Since we only have one boat ramp that is really usable on lake Conroe, when there are a lot of boats waiting to launch, I feel obligated to launch as fast as I can and get out of peoples way. The other day when I was at the boat launch there were 3 boats and me waiting to launch. You can launch 2 at a time if people would just pull to one side. This guy launched right in the middle and sat there and warmed his motor up and rearranged everything in his boat, he took 15 min. to launch. When I came back to take my boat out this old guy with his grandkids was backed in almost side ways in the ramp, this did not really bother me, some people are not good at backing trailers. But what did really bother me is that he let one of his grandkids drive the truck out while he and his much younger grandchild rode on the bumper all the way up the ramp. All that would have had to happen is one of them to slip and fall and the boat would have run them over, all I could think about was how that kid would have felt had he ran his grandfather or his brother over. I wish people would think about what they are doing, and be more considerate of others. Is it just me.


----------



## tbone2374 (Feb 27, 2010)

Mike, you're asking way too much of people, even fishermen! Some people go through this life never giving the slightest thought to the person behind them in line, at the ramp, or any where else, in life. I agree with your mind thought process, but without inconsiderate people, we'd have no use for the word dumbass!


----------



## Mattsfishin (Aug 23, 2009)

You just can't fix STUPID. Thursday while we were waitin our turn at the ramp I drove a guys truck up the ramp for him and offered for another one but he refused. When we launch by ourselves we can use another person. The ramp at hwy 19 is the same way. Room for 2 if every one will move over.

Matt


----------



## GoneFish'n (Jan 8, 2010)

In a couple "past lives" Mike, I wrote a weekly newspaper column about fishing, etc. (It was called "GoneFish'n)
I think my largest pet peeve, is the total lack of boat ramp etiquette. I tried to settle my frazzeled nerves on occasion to placate myself by saying, "oh well, they just don't know any better". I'm not so sure thats the case any more. Maybe I'm just older and more cranky, but duh, figure it out, get out of the way!
Most, if not all of us, in crowded conditions can get on and off the ramp in less than a minute.
Sounds like you were typically the guy you are, a nice guy, and didn't make a scene. There have been documented fights, as well as shootings for this type of inconsiderate action on a crowded boat ramp.
Anyway, your well worded point is well made, and certainly well taken.
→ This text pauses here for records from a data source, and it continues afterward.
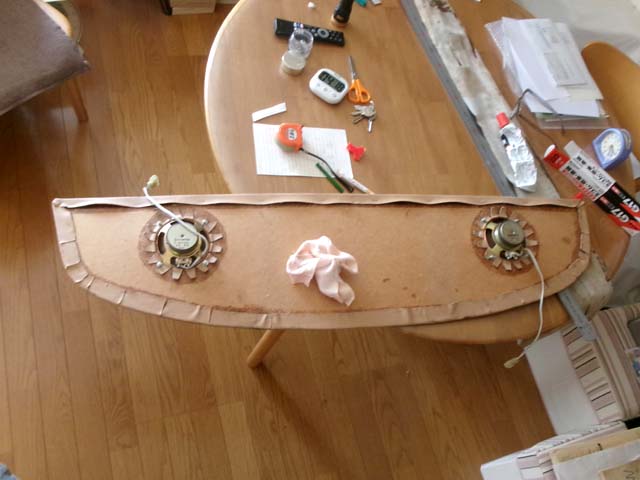 | レザーが新しくなったことでトレイ周りの見た目も引き締まりました。ビニールレザーはきちんとした作業台がないと、大きいパーツ切るのは思ったより難しいし、きちんと貼るのもなかなか難しいです。やってみて、元々の精度があまりでていない理由が判った。この作業は元々、現物合わせの切った貼ったでやった工程が多かったのかもしれません。 |
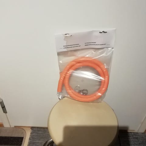 Paketissa on halkaisijaltaan 10 mm nestekaasuletku ja 2 kpl letkuliittimiä. Kaasuletku on pituudeltaan 1,2 metriä ja sen suositeltu maksimipaine on 30 bar.
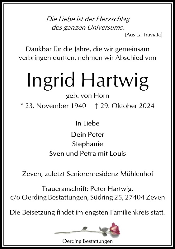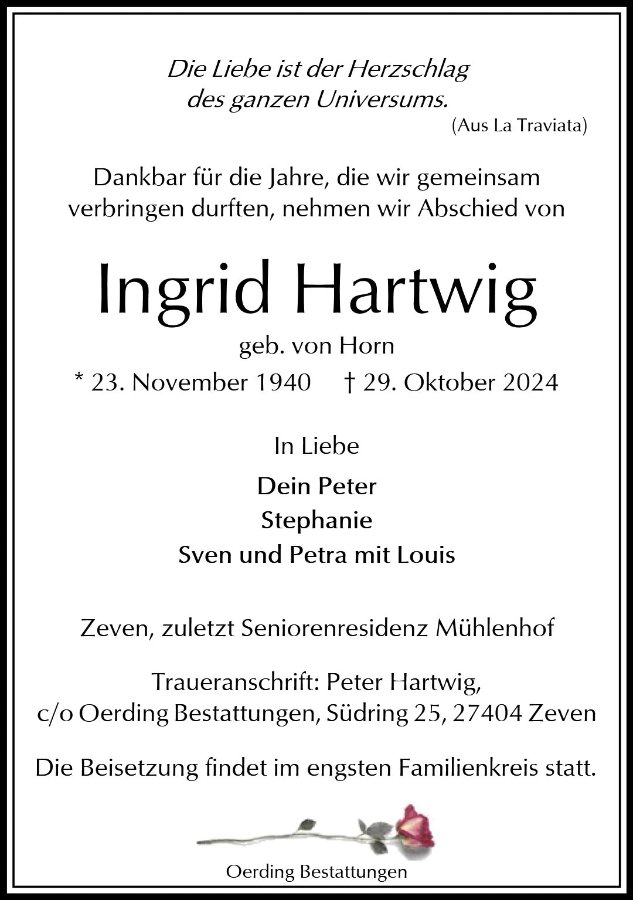 geboren am 23. November 1940 in Liegnitz gestorben am 29. Oktober 2024 in Zeven
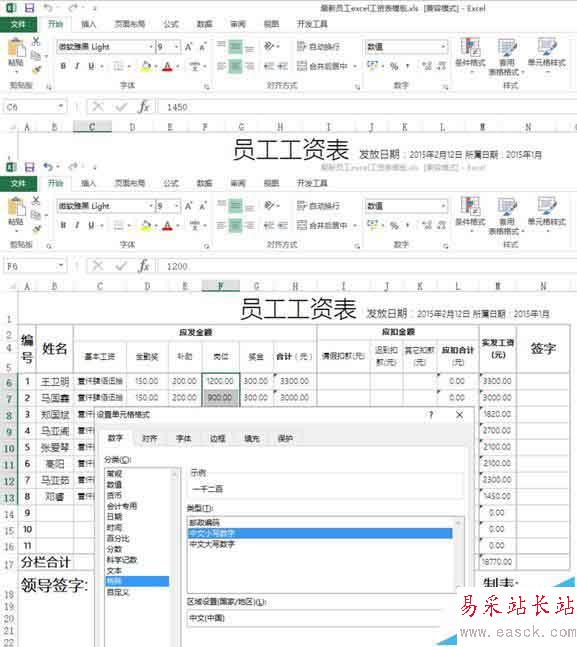 2、在表格中,每個人的工資都是以數字格式存在的數值,也就是阿拉伯數字形式。
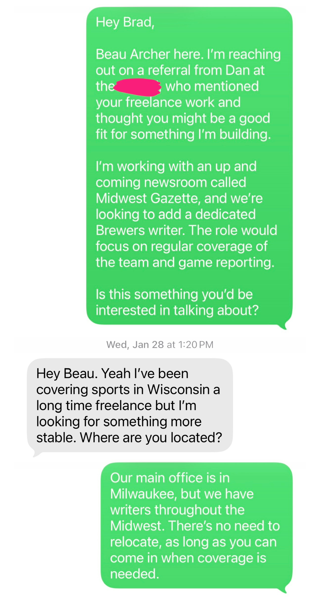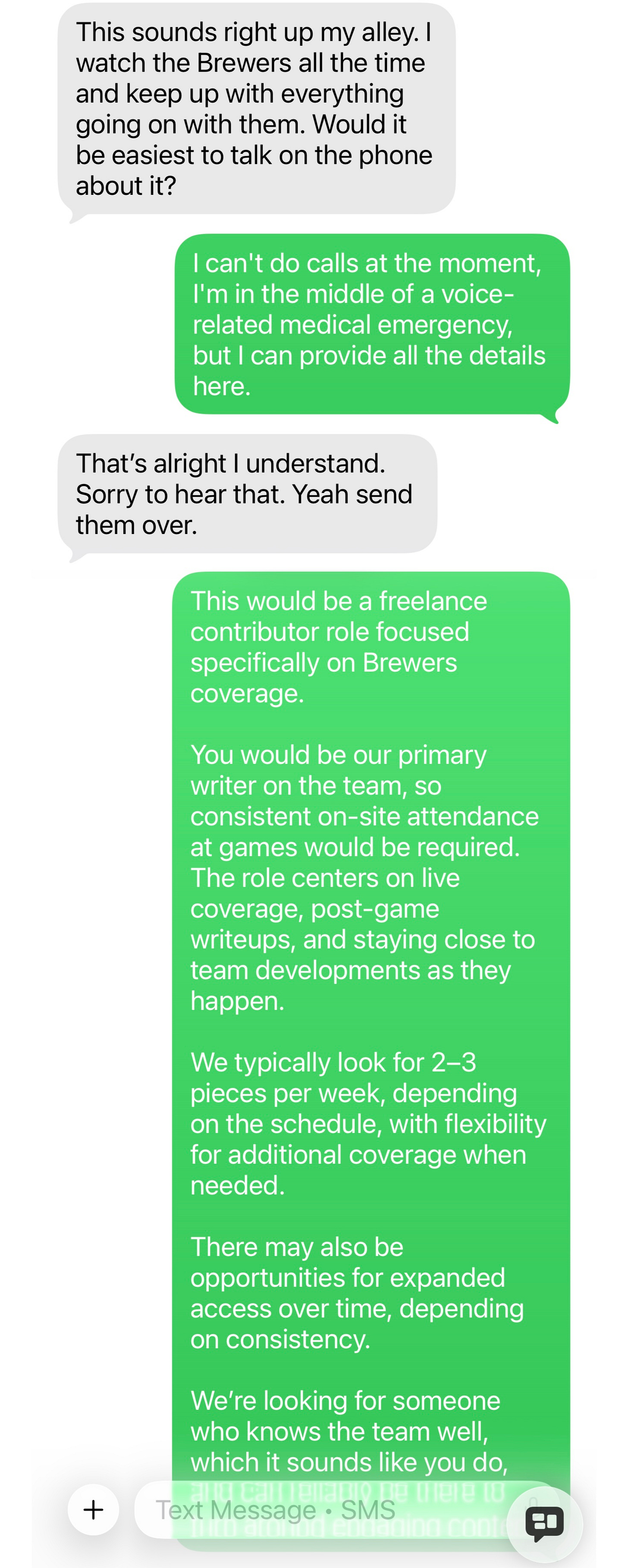 The conversation goes on a bit, but I won’t have you read it all because it didn’t work. Brad got suspicious and ghosted. Perhaps he talked to Dan about this referral. Perhaps he rethought out what a voice-related medical emergency possibly was. As good as I am at getting inside men’s heads, it doesn’t always work.
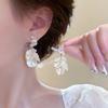 Taklit Kabuk Sarkan Küpe Beyaz Zirkonyum Çiçek Gelin Küpesi Kadınlar İçin Parti Aksesuarları

I suppose it's our job to teach by example, right?
GoneFish'n
Charlie


----------



## RAYSOR (Apr 26, 2007)

I agree with you Charlie, people do know better, just at a five year old knows the difference between right and wrong, I can tolerate a lot of things but rudeness is not one of them, my favorite saying is that it feels nice to be important but it feels more important to be nice, especially to others!


----------



## tbone2374 (Feb 27, 2010)

GoneFish'n said:


> In a couple "past lives" Mike, I wrote a weekly newspaper column about fishing, etc. (It was called "GoneFish'n)
> I think my largest pet peeve, is the total lack of boat ramp etiquette. I tried to settle my frazzeled nerves on occasion to placate myself by saying, "oh well, they just don't know any better". I'm not so sure thats the case any more. Maybe I'm just older and more cranky, but duh, figure it out, get out of the way!
> Most, if not all of us, in crowded conditions can get on and off the ramp in less than a minute.
> Sounds like you were typically the guy you are, a nice guy, and didn't make a scene. There have been documented fights, as well as shootings for this type of inconsiderate action on a crowded boat ramp.
> ...


 Charlie, you're still a youngster!!!


----------



## crappiecandy29 (Aug 20, 2008)

your right FR,It happen to me at lake view marina one afternoon.It took 45mins to launch and I was the second boat.I complain to one of the marina workers ,he was on the tractor.He told it will be OK he's a paying customer too.I will not go back,I'll way on more ramps to open.


----------



## Artist (Nov 14, 2011)

It does bother alot of people when someone takes to long a the ramps. Sometimes it not the person or persons who is in the boat its the person who is @ the boat ramp. Some of them don't know or just don't care. Sometimes we as humans have to sit back and say "oh well", and just let it go. Its all about relaxation, and just getting out there and enjoy the outdoors, and hoping the fish are there.* Once I'm in the water everything else is forgotting....*

FISH ON!!!


----------



## whackmaster (Apr 2, 2010)

This bothers me also. If you have everything in your boat and your boat ready to go it shouldn't take but a few minutes.

Last year at Hwy. 19 (Trinity River) I was waiting to launch and the people that took their boat out pulled forward about 5 feet, stop and got out and started drying their boat off. After about 5 minutes I nicely asked if they could pull forward and they looked at me like I was crazy. They still took a few more minutes to pull forward. They were blocking the whole ramp also...They are lucky that my brother John wasn't with me. He would have moved it for them. He is a little(lot) crazy.


----------



## Bruiser (Dec 11, 2011)

I am in 100% agreement, I just wish those people were here to read this...my assumption is they are the people who take out the boat once or twice a year.


----------



## mchildress (Jul 11, 2009)

It does make me shake my head when Im trying to get my boat in or out and someone has the ramp homesteaded.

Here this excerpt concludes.